Work order
Restate the data word for word. Leave the pictures out.

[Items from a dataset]
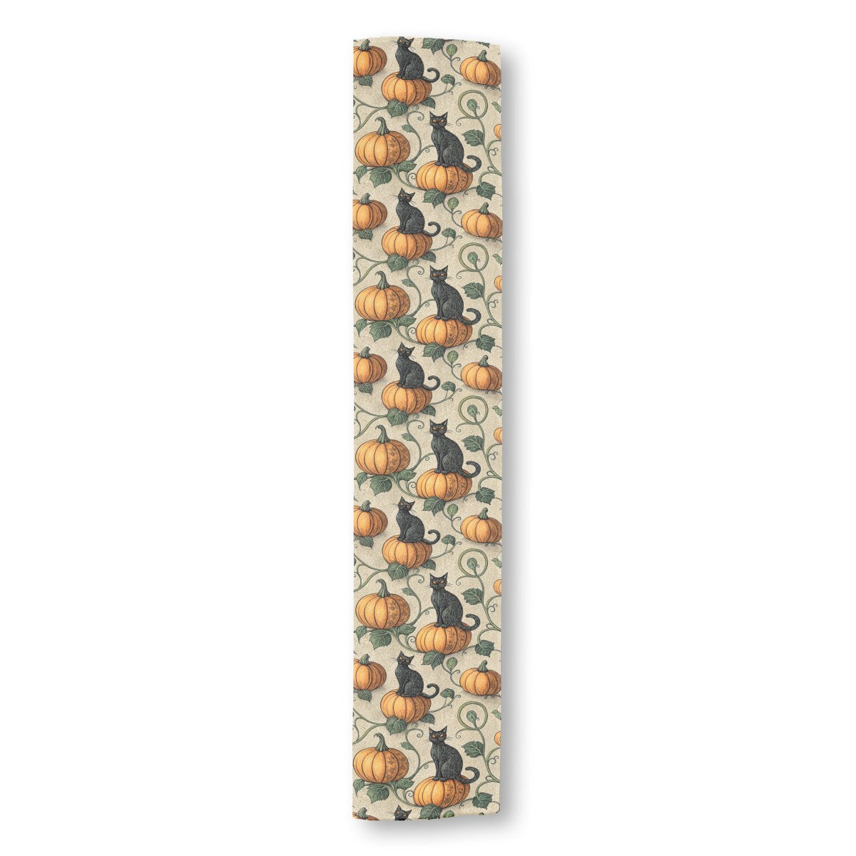 A vintage-style seamless pattern features black cats with glowing orange eyes perched on pumpkins. Swirling green vines and leaves connect the elements on a textured, light background, creating a classic Halloween-themed illustration with a slightly spooky feel.
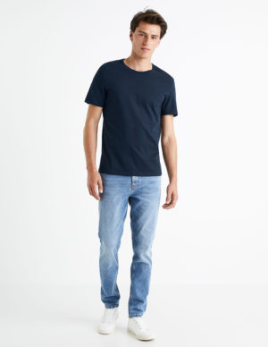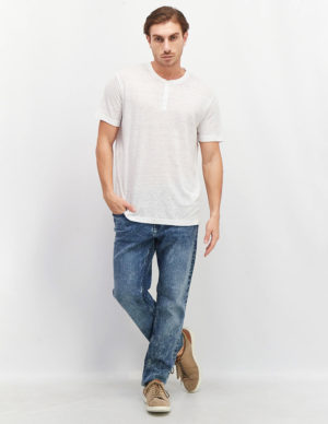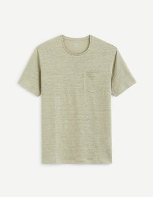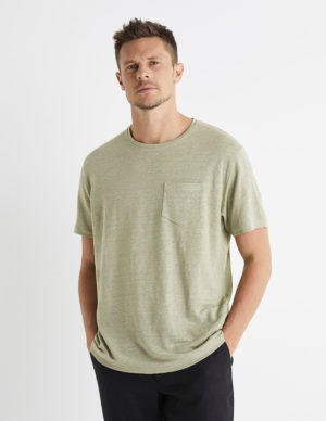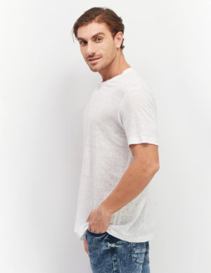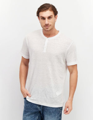LФутболка з повітряного льону з круглим вирізом горловини на ґудзиках у верхній частині
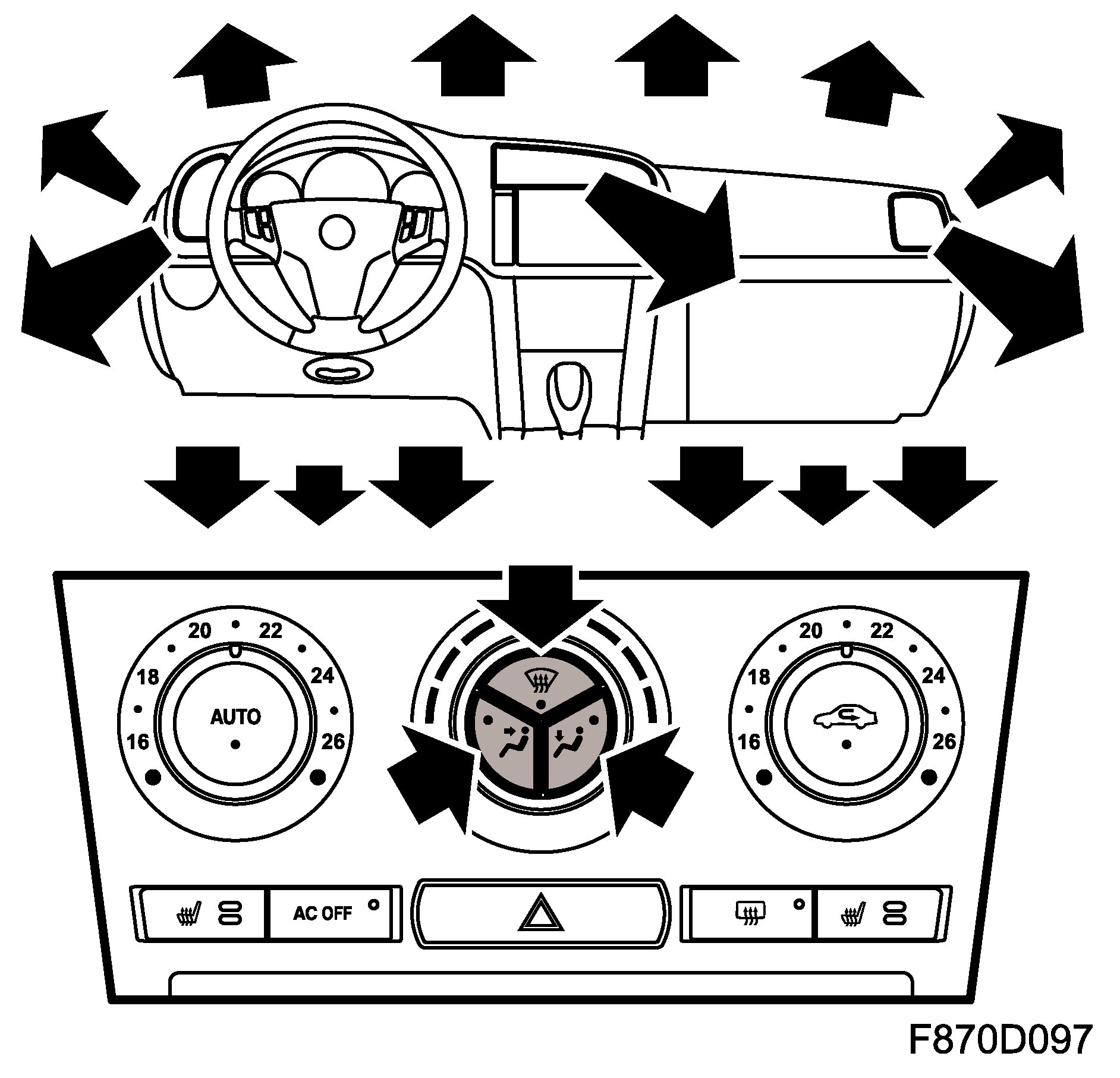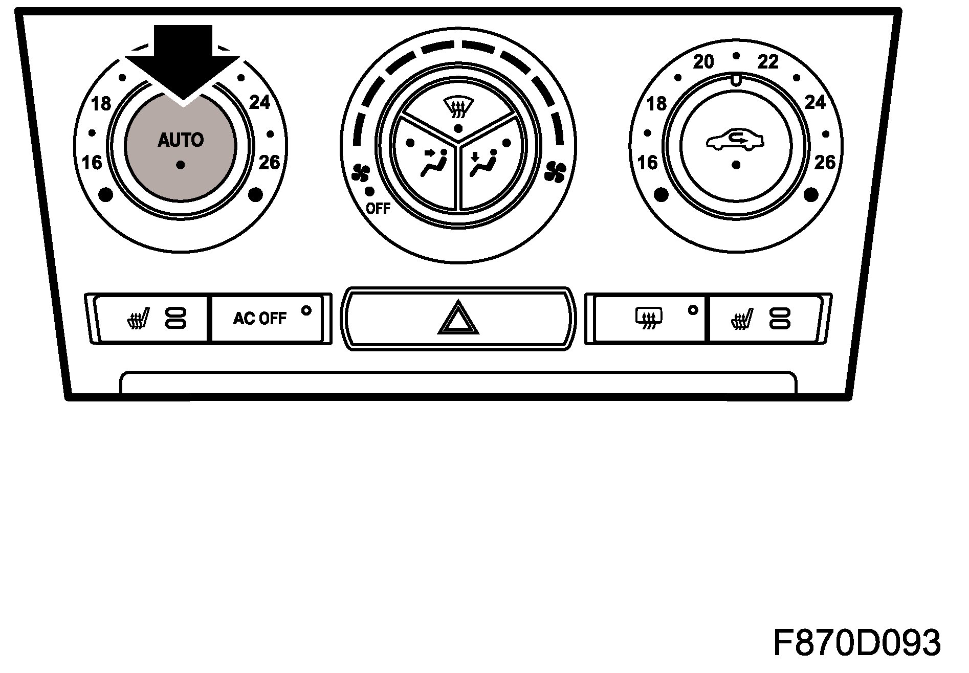 All functions are automatically regulated to the set temperature. The LED in the AUTO button illuminates and confirms that the AUTO function is active. AC OFF, electrically heated rear window, recirculation, heated seats and temperature up or down can be selected without AUTO being deactivated.
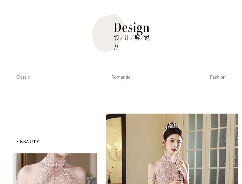 Halter Back Fringed Mock Gown Cutout Faux Neck Evening A-Line Pearl
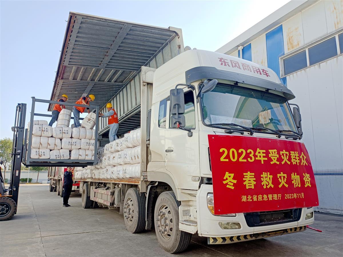 11月8日,几十辆满载救灾物资的卡车从中央救灾物资武汉储备库和宜昌、黄冈、咸宁、恩施、十堰、荆州、襄阳等7个省级救灾物资储备库驶出,17万件省级救灾物资启运,保障受灾困难群众温暖过冬。
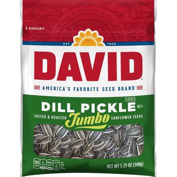 David Dill Pickle Sunflower Seeds 5.25 oz., PK12, David, Mfr#: 2620046462
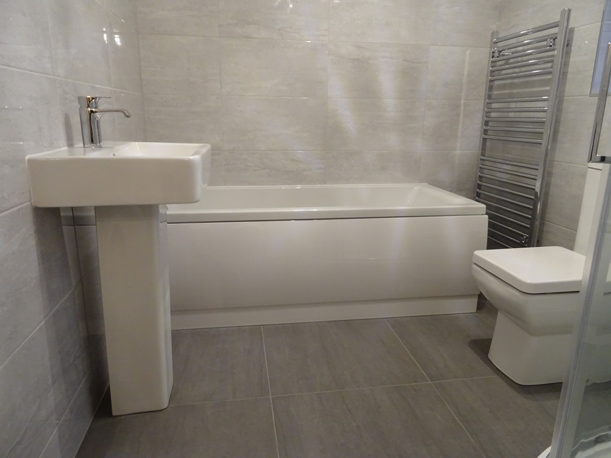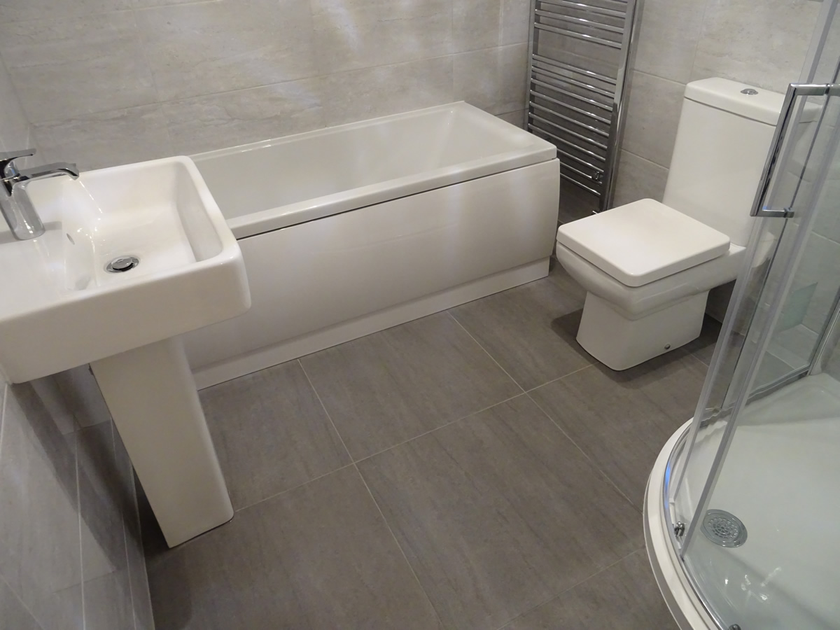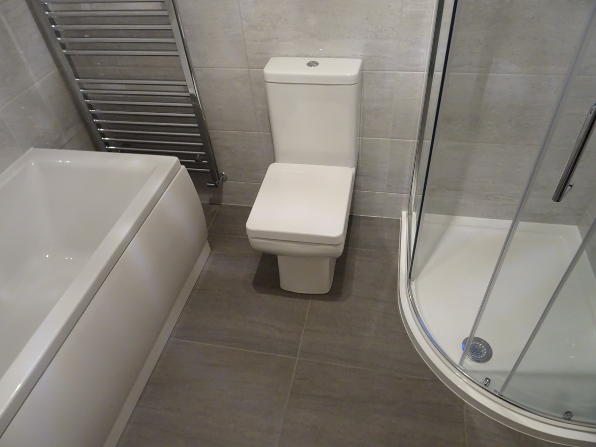 The only change to the bathroom is the shower enclosure. We were able to provide a larger shower enclosure and better access around the shower enclosure to the toilet. This was achieved by fitting a 100cm by 80cm offset quadrant shower. The image below shows the new bathroom design that was ultimately fitted.
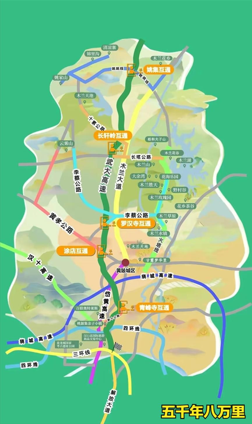 黄陂区旅游地图
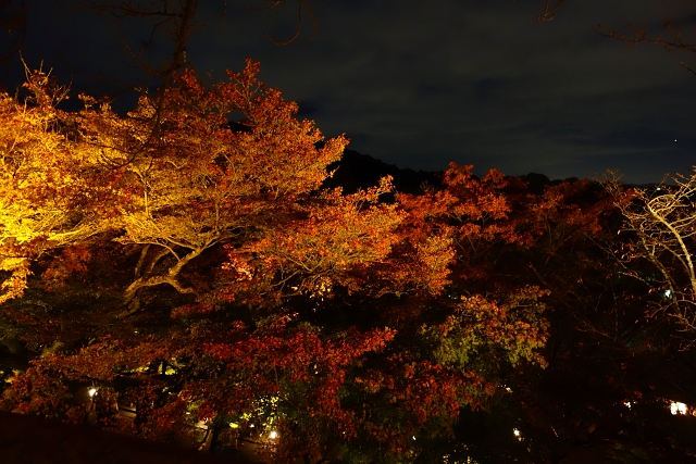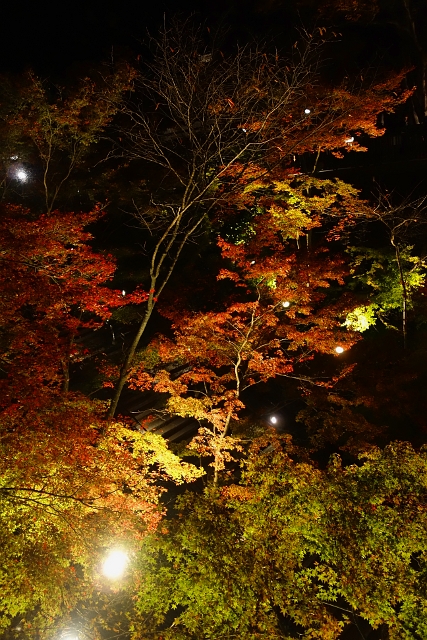 踩著階梯,我徐緩往上爬,從宛如左右雙衛的「鐘樓」與「三重塔」間穿至殿舍區。不過這些屋堂已隨著入夜隱去輪廓,將主場留給坡間的彩楓,雖非是一致的緋紅,仍有半色碧翠待轉,可是在燈光的加持下依舊極具氣勢,能與之爭妍的,應只有斗栱繁密交錯,宛如綴了一身珠翠的「三重塔」吧。

Expected answer
 A vintage-style seamless pattern features black cats with glowing orange eyes perched on pumpkins. Swirling green vines and leaves connect the elements on a textured, light background, creating a classic Halloween-themed illustration with a slightly spooky feel.
LФутболка з повітряного льону з круглим вирізом горловини на ґудзиках у верхній частині
 All functions are automatically regulated to the set temperature. The LED in the AUTO button illuminates and confirms that the AUTO function is active. AC OFF, electrically heated rear window, recirculation, heated seats and temperature up or down can be selected without AUTO being deactivated.
 Halter Back Fringed Mock Gown Cutout Faux Neck Evening A-Line Pearl
 11月8日,几十辆满载救灾物资的卡车从中央救灾物资武汉储备库和宜昌、黄冈、咸宁、恩施、十堰、荆州、襄阳等7个省级救灾物资储备库驶出,17万件省级救灾物资启运,保障受灾困难群众温暖过冬。
 David Dill Pickle Sunflower Seeds 5.25 oz., PK12, David, Mfr#: 2620046462
 The only change to the bathroom is the shower enclosure. We were able to provide a larger shower enclosure and better access around the shower enclosure to the toilet. This was achieved by fitting a 100cm by 80cm offset quadrant shower. The image below shows the new bathroom design that was ultimately fitted.
 黄陂区旅游地图
 踩著階梯,我徐緩往上爬,從宛如左右雙衛的「鐘樓」與「三重塔」間穿至殿舍區。不過這些屋堂已隨著入夜隱去輪廓,將主場留給坡間的彩楓,雖非是一致的緋紅,仍有半色碧翠待轉,可是在燈光的加持下依舊極具氣勢,能與之爭妍的,應只有斗栱繁密交錯,宛如綴了一身珠翠的「三重塔」吧。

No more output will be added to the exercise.